─── Data section

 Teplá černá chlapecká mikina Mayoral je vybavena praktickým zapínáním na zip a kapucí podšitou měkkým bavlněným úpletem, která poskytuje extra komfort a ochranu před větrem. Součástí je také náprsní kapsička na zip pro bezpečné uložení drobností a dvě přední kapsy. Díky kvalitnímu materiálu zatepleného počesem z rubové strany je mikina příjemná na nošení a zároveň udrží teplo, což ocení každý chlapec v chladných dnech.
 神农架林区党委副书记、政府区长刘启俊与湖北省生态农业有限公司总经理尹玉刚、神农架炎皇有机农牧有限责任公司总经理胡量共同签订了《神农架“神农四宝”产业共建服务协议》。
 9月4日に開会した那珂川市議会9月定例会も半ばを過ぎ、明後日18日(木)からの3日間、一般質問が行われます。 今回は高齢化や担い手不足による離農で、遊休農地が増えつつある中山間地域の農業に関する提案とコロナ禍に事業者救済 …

──────
─── Data section

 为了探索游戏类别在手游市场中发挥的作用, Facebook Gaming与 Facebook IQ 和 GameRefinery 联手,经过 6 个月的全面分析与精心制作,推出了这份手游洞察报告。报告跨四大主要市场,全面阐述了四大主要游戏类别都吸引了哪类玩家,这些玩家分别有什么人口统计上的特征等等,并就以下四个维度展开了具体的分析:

──────

Each line in the entries above, starting at the line with "Teplá černá chlapecká" and ending at the line with "神农架林区党委副书记、政府区", is to be printed exactly, and only those lines.

 Teplá černá chlapecká mikina Mayoral je vybavena praktickým zapínáním na zip a kapucí podšitou měkkým bavlněným úpletem, která poskytuje extra komfort a ochranu před větrem. Součástí je také náprsní kapsička na zip pro bezpečné uložení drobností a dvě přední kapsy. Díky kvalitnímu materiálu zatepleného počesem z rubové strany je mikina příjemná na nošení a zároveň udrží teplo, což ocení každý chlapec v chladných dnech.
 神农架林区党委副书记、政府区长刘启俊与湖北省生态农业有限公司总经理尹玉刚、神农架炎皇有机农牧有限责任公司总经理胡量共同签订了《神农架“神农四宝”产业共建服务协议》。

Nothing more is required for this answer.